§ **WHAT YOU HAVE TO DO**
Starting with the first line below, extract each line through the one that contains "Canada has a", inclusive, excluding pictures.

§ **AVAILABLE DATA**
+---+

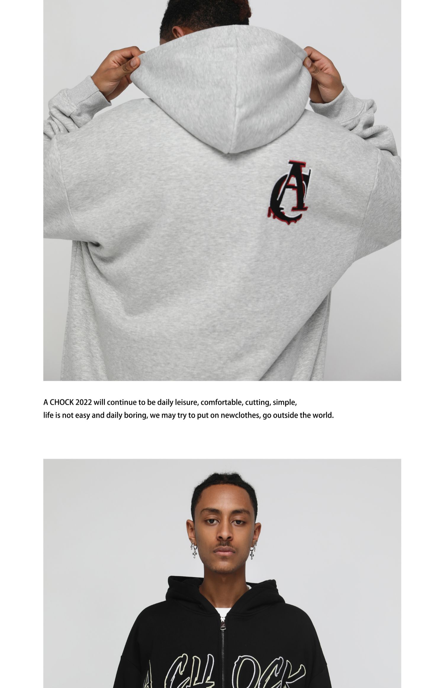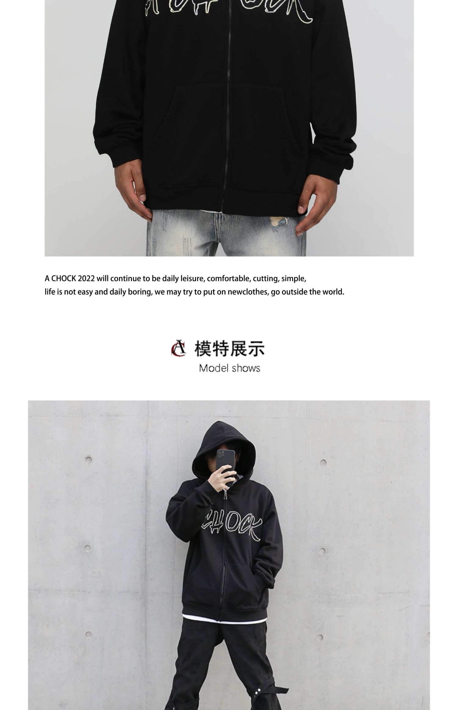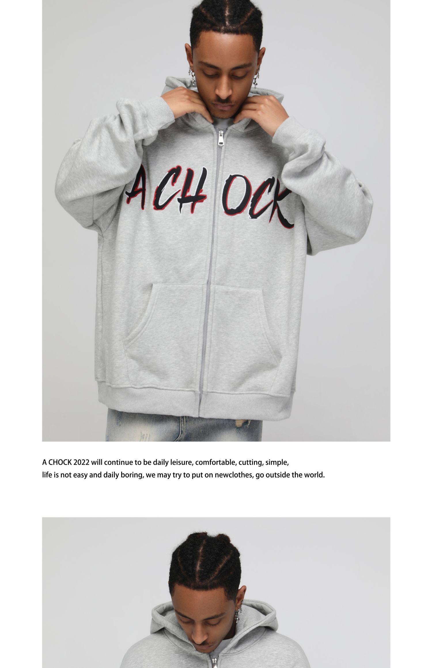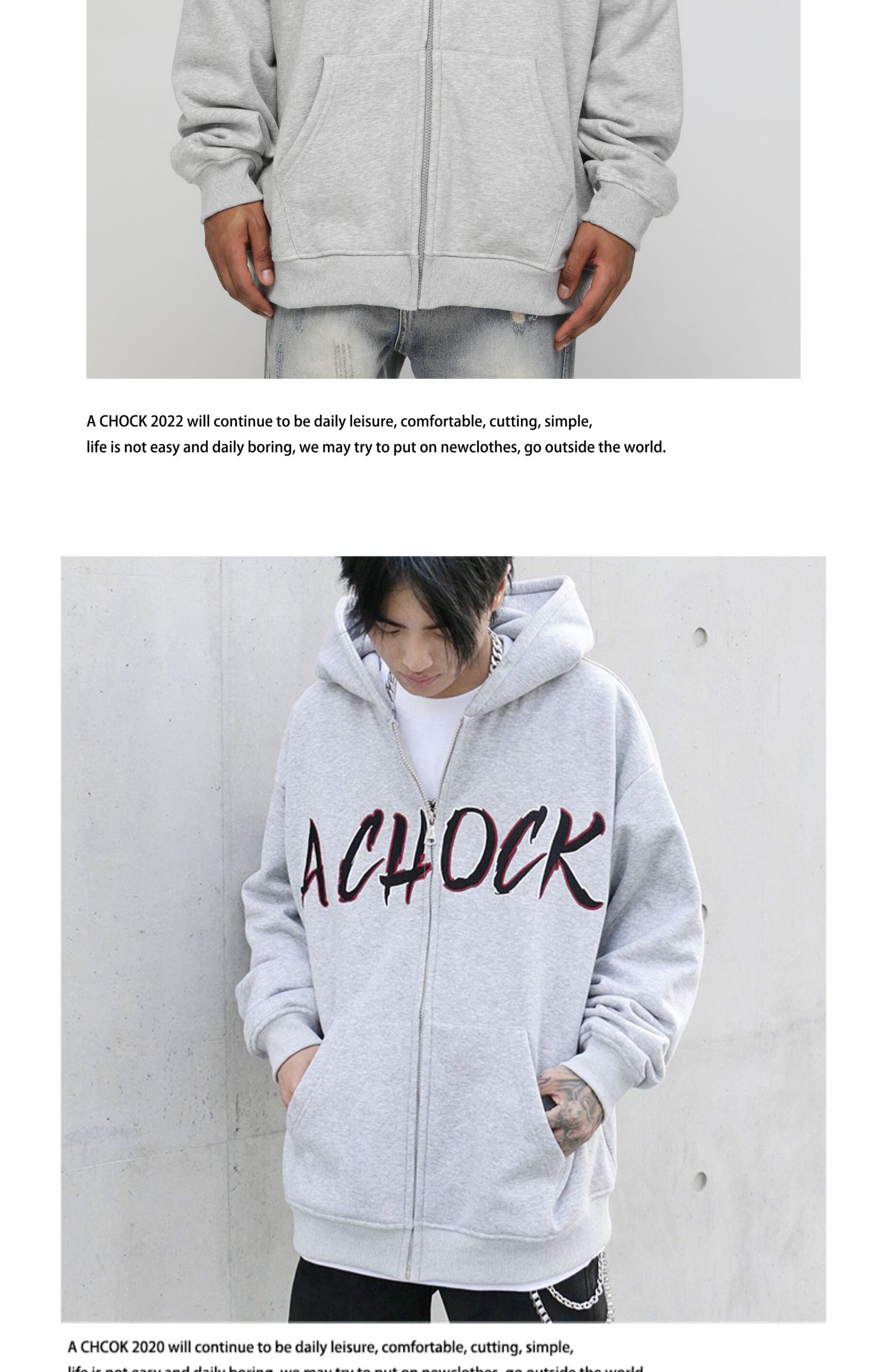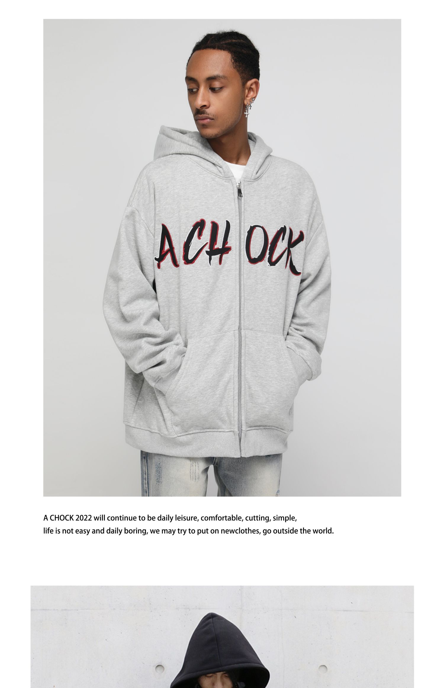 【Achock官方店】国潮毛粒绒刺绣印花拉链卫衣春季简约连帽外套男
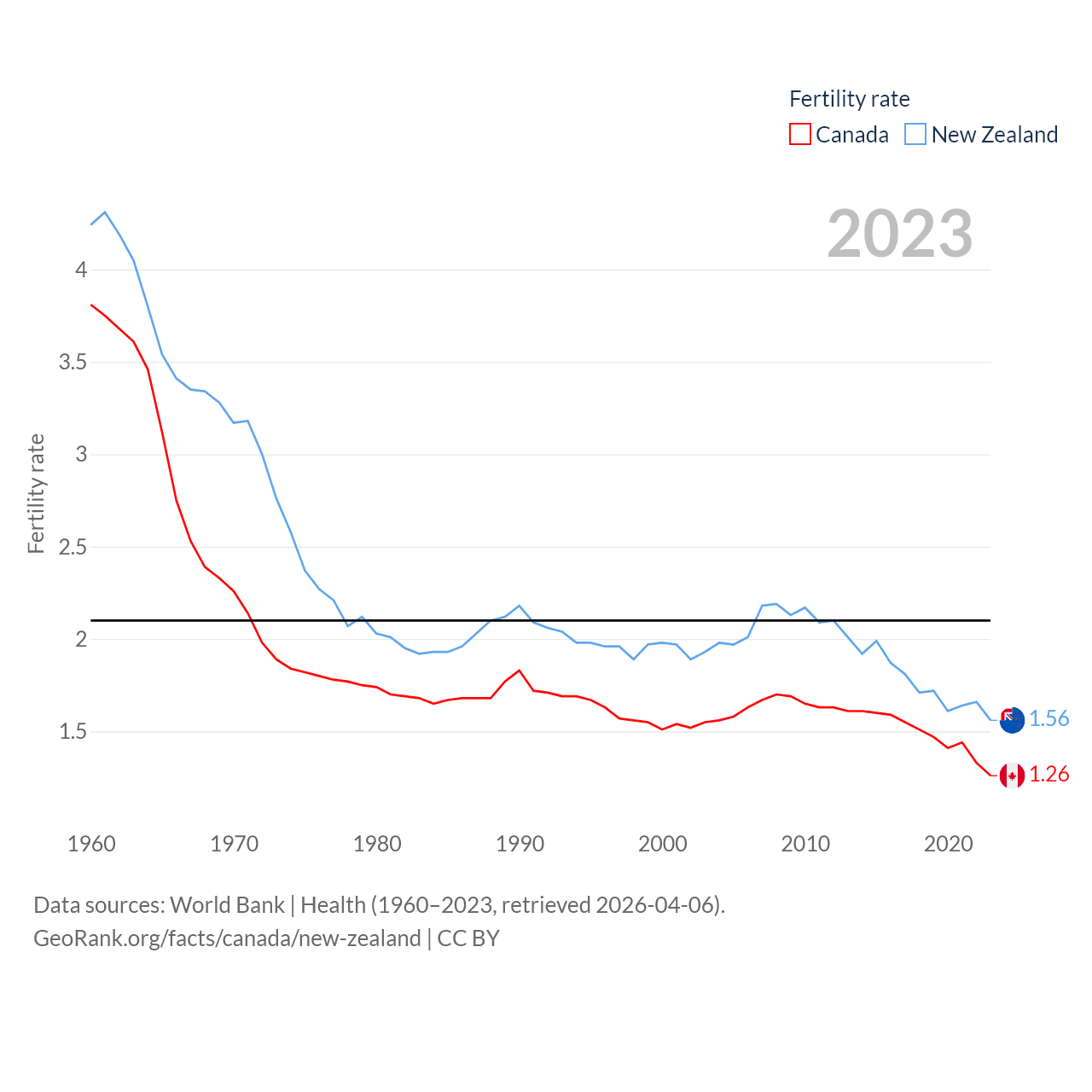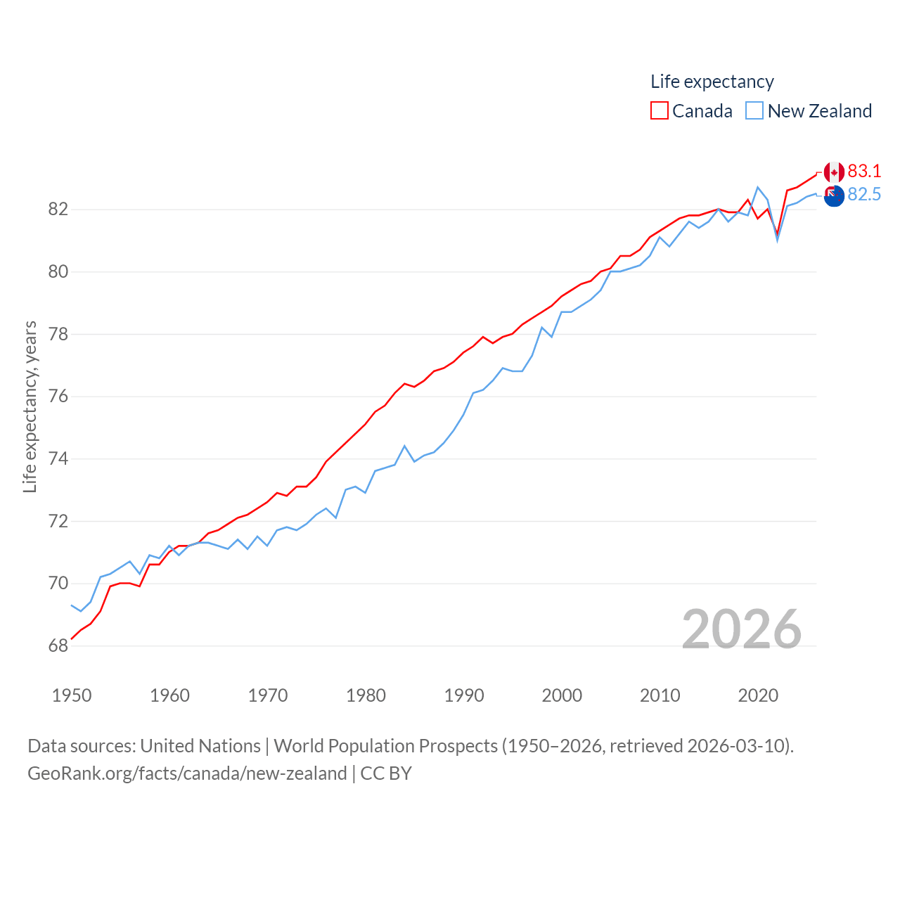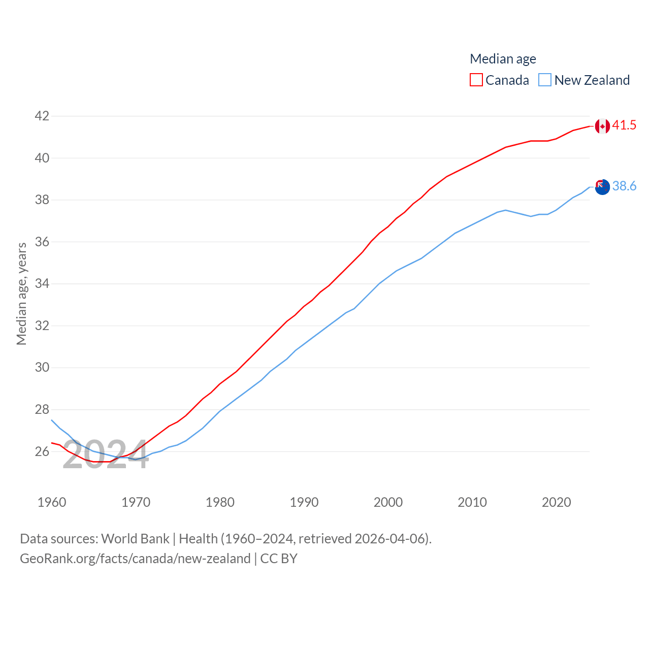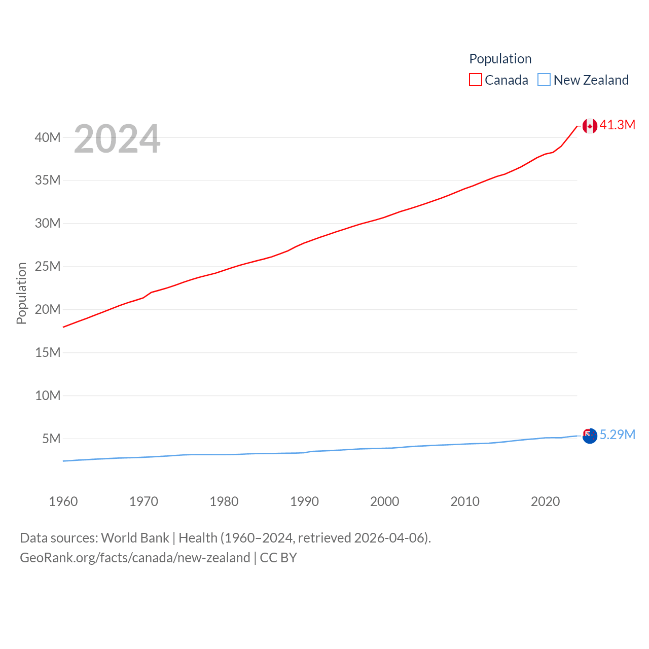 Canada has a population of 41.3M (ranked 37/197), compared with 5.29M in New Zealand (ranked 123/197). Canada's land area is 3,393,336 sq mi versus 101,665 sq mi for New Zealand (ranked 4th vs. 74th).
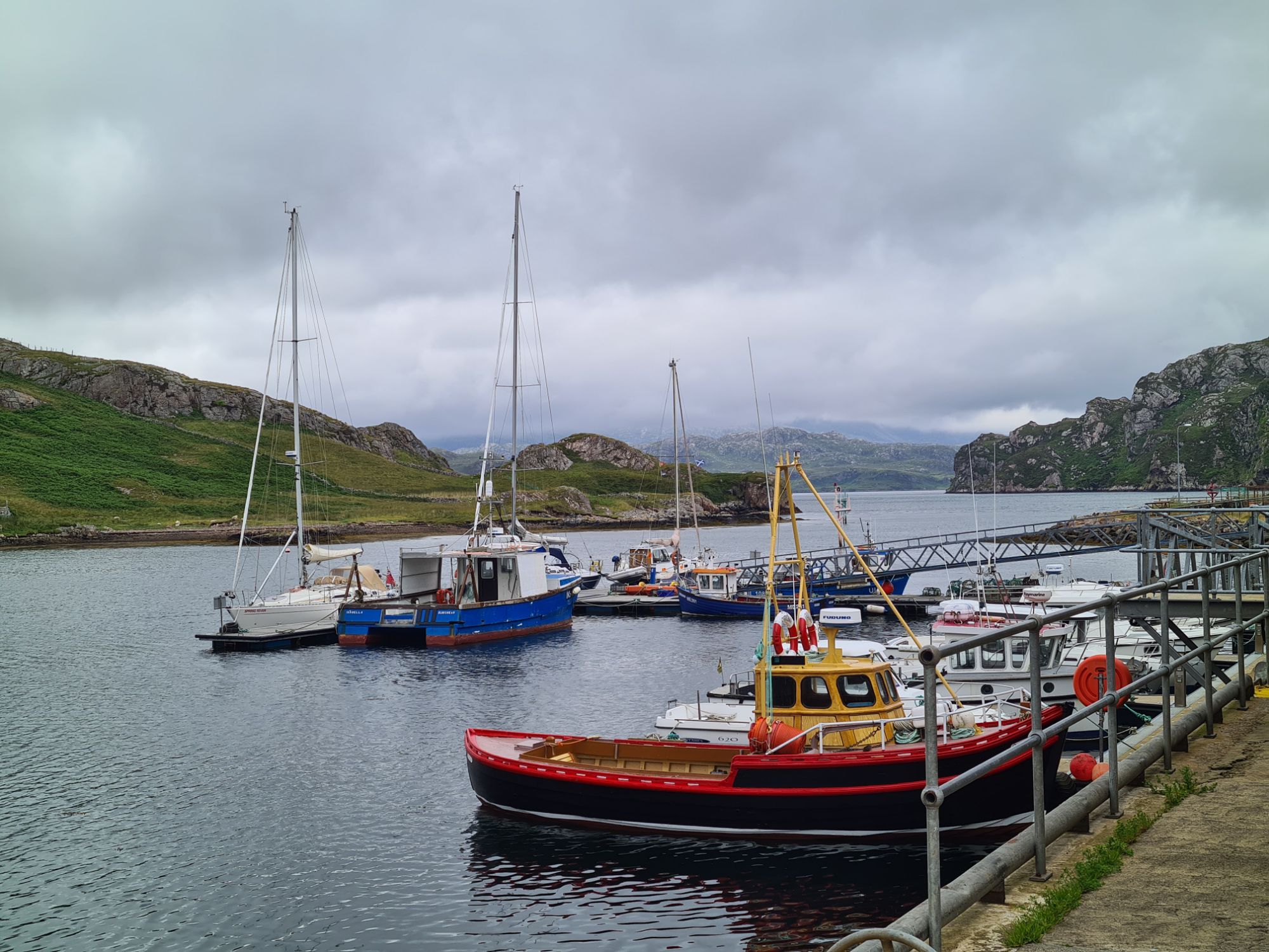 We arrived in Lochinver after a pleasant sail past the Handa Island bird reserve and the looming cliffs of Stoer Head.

+---+

§ **OUTPUT FOR THIS TASK**
 【Achock官方店】国潮毛粒绒刺绣印花拉链卫衣春季简约连帽外套男
 Canada has a population of 41.3M (ranked 37/197), compared with 5.29M in New Zealand (ranked 123/197). Canada's land area is 3,393,336 sq mi versus 101,665 sq mi for New Zealand (ranked 4th vs. 74th).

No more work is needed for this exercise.